What you will do –
The output should be the listing below, limited to the lines from the one with "сокращяешь последнюю дробь" through the one with "재산세는 지방세에 속하는", exact and without pictures.

Data under study –

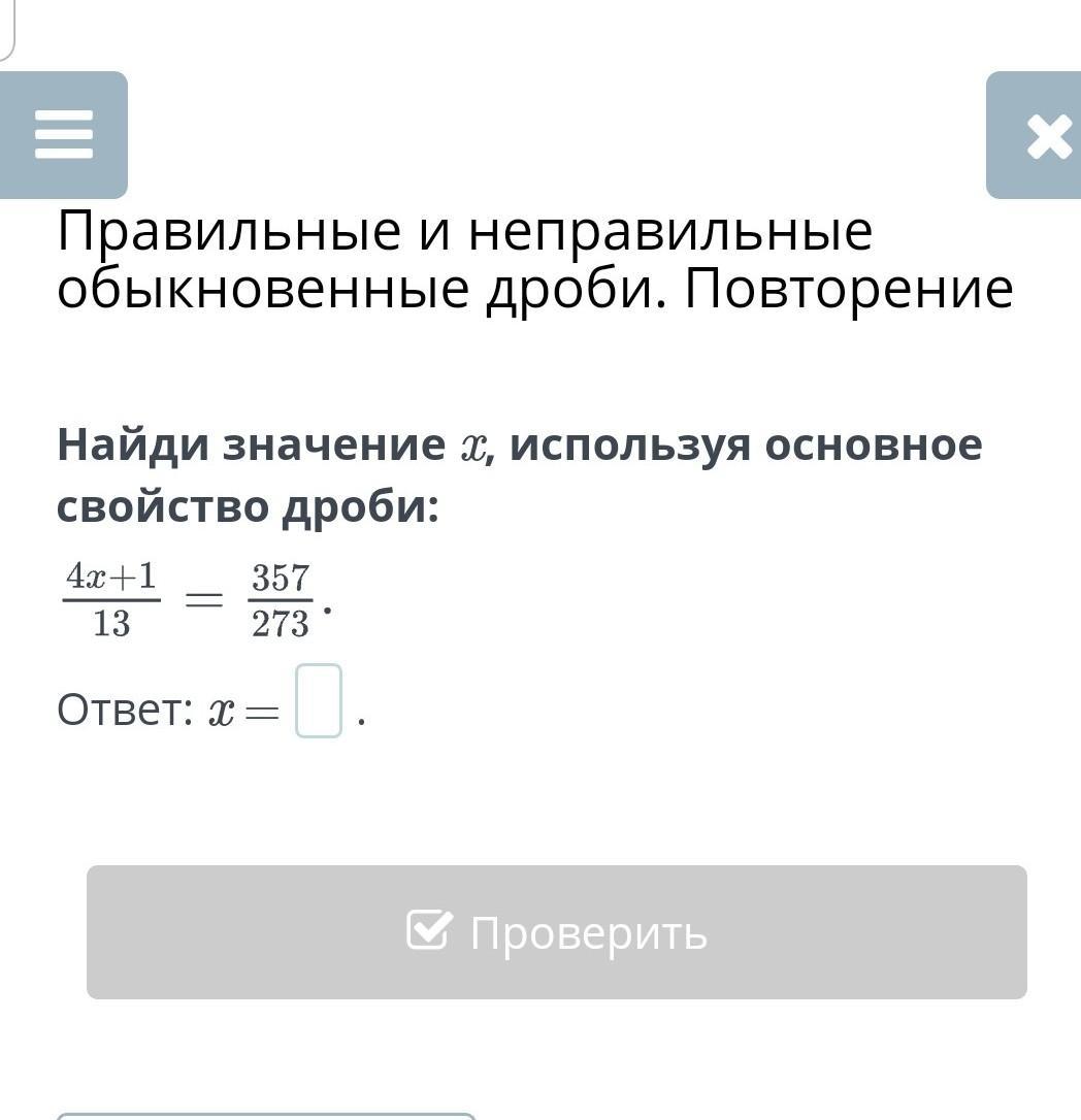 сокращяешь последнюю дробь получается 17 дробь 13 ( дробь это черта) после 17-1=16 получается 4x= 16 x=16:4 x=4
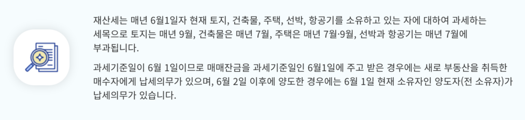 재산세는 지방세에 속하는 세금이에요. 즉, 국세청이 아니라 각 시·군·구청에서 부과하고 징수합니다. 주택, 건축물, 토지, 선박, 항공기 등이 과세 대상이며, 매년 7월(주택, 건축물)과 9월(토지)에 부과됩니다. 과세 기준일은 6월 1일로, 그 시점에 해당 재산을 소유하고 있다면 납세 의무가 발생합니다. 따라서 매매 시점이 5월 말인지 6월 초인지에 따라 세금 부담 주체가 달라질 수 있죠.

...

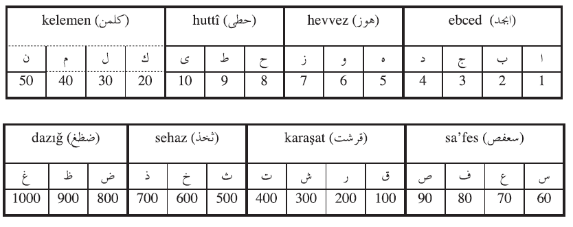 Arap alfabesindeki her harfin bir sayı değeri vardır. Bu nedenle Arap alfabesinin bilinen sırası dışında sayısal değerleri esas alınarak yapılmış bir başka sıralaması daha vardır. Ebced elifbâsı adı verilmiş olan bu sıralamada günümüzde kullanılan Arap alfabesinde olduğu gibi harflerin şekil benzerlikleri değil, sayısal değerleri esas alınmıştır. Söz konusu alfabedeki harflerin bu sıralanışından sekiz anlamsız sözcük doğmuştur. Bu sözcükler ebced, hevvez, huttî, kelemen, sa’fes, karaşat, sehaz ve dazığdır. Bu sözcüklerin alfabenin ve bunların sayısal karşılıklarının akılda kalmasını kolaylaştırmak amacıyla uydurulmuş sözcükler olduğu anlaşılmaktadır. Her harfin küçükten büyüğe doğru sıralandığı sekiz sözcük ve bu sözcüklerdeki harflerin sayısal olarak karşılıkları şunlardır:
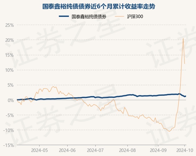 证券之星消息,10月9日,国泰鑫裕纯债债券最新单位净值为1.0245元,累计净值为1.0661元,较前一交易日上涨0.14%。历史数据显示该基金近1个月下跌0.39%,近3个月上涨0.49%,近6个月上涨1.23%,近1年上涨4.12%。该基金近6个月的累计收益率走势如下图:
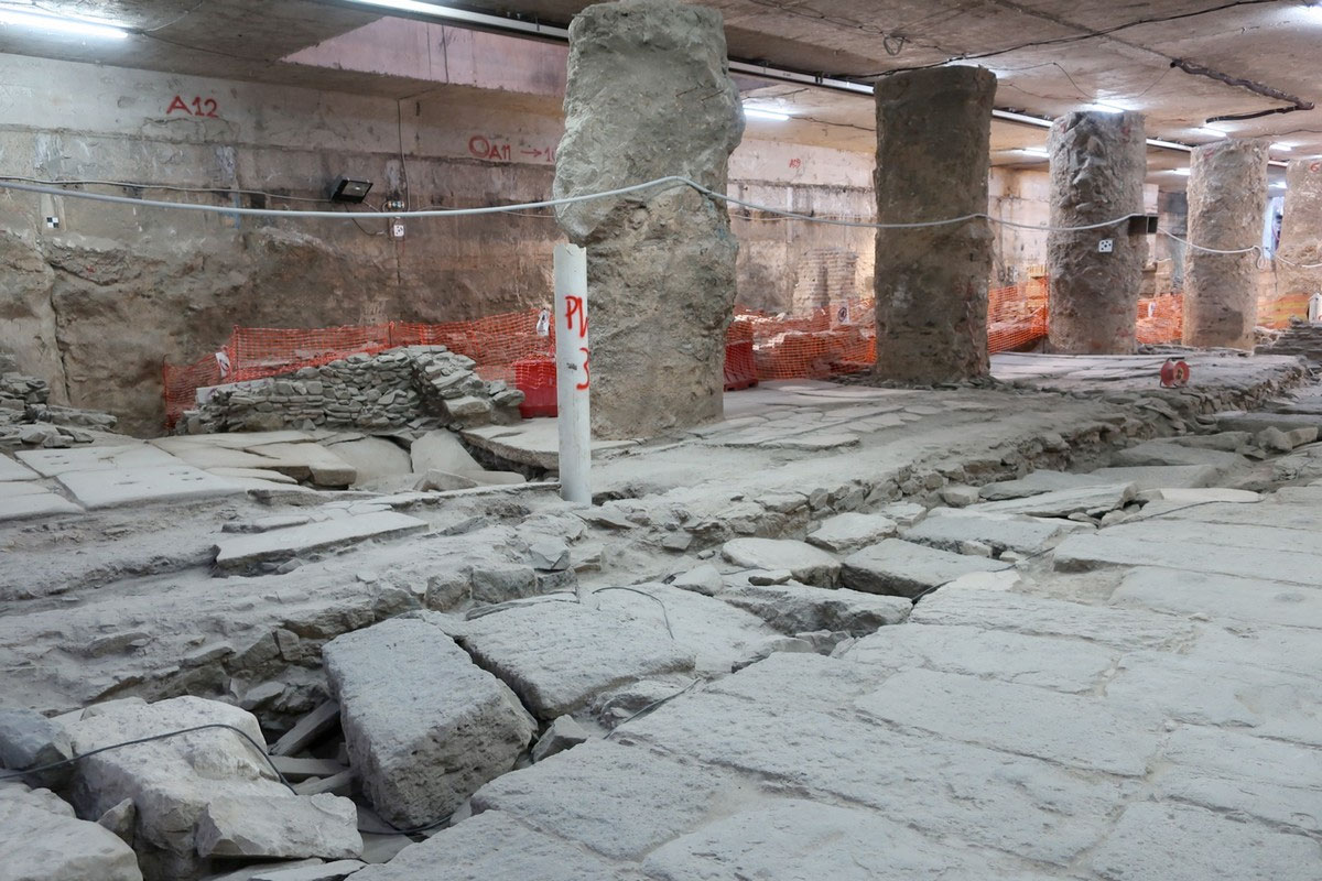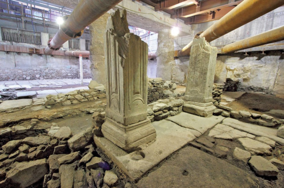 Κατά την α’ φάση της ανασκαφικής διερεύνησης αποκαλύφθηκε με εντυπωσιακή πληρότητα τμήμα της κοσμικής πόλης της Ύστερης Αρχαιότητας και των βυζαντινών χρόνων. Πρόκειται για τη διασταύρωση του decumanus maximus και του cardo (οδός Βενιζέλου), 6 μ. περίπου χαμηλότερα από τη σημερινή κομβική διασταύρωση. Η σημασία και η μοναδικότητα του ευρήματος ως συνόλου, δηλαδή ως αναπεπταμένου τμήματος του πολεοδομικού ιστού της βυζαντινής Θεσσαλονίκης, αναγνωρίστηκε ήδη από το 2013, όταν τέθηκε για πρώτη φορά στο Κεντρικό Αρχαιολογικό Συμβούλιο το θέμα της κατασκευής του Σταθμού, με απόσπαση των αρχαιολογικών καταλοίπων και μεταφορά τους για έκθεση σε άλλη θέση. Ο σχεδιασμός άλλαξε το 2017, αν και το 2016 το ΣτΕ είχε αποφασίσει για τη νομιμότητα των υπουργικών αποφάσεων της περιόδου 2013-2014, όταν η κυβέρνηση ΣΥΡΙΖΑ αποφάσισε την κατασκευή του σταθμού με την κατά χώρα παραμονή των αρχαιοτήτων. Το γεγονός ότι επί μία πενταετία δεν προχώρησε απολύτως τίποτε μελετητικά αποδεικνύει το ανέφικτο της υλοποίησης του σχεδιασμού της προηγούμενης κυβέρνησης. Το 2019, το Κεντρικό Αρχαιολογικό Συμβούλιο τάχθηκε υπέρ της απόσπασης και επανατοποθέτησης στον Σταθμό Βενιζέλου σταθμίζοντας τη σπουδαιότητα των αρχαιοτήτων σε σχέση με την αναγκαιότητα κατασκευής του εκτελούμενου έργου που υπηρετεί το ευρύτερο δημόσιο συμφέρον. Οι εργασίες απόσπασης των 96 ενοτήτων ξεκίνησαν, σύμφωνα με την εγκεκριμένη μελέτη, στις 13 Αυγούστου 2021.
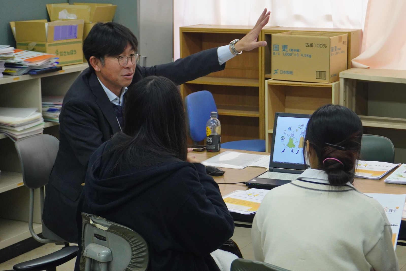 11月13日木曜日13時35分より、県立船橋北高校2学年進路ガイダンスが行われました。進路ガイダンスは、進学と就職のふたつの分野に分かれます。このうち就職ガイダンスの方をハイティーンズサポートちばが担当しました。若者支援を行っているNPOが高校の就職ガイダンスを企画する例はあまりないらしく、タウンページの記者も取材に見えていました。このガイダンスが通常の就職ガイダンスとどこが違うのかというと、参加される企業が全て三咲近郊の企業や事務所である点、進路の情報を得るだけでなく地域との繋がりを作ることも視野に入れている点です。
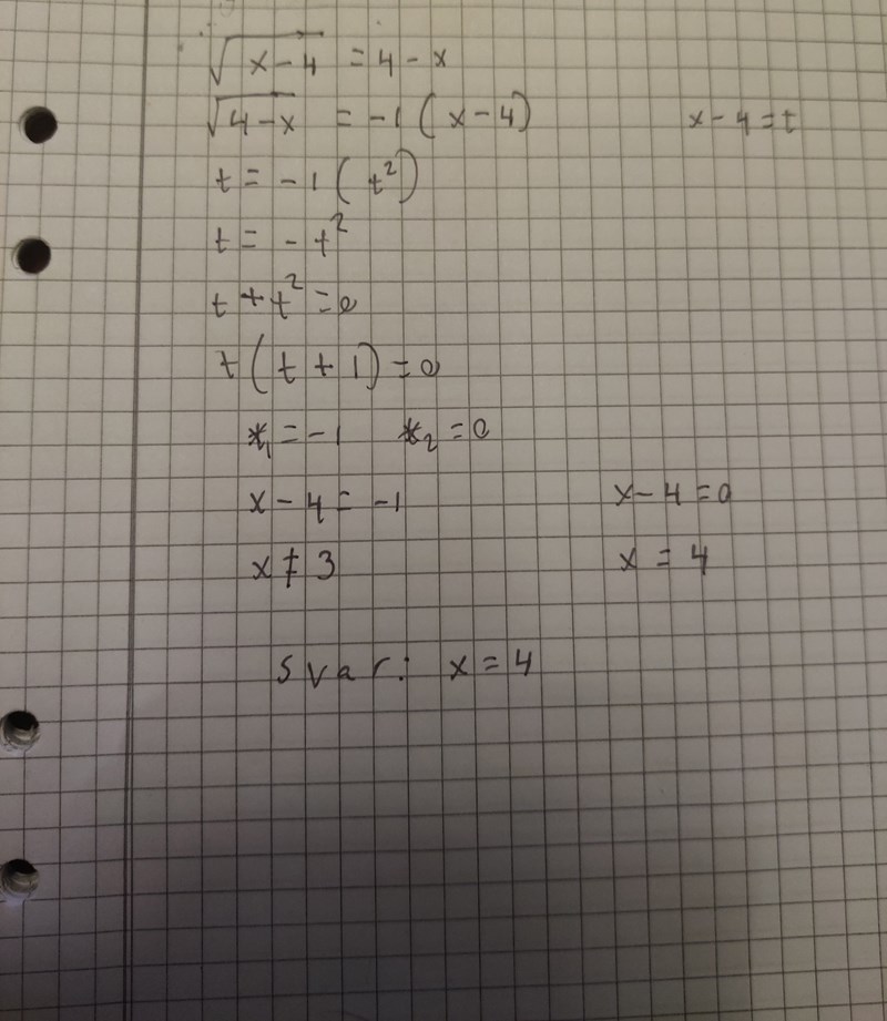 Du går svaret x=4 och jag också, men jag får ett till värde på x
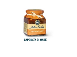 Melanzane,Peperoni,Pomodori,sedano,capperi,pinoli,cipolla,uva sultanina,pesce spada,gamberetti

Expected output –
 сокращяешь последнюю дробь получается 17 дробь 13 ( дробь это черта) после 17-1=16 получается 4x= 16 x=16:4 x=4
 재산세는 지방세에 속하는 세금이에요. 즉, 국세청이 아니라 각 시·군·구청에서 부과하고 징수합니다. 주택, 건축물, 토지, 선박, 항공기 등이 과세 대상이며, 매년 7월(주택, 건축물)과 9월(토지)에 부과됩니다. 과세 기준일은 6월 1일로, 그 시점에 해당 재산을 소유하고 있다면 납세 의무가 발생합니다. 따라서 매매 시점이 5월 말인지 6월 초인지에 따라 세금 부담 주체가 달라질 수 있죠.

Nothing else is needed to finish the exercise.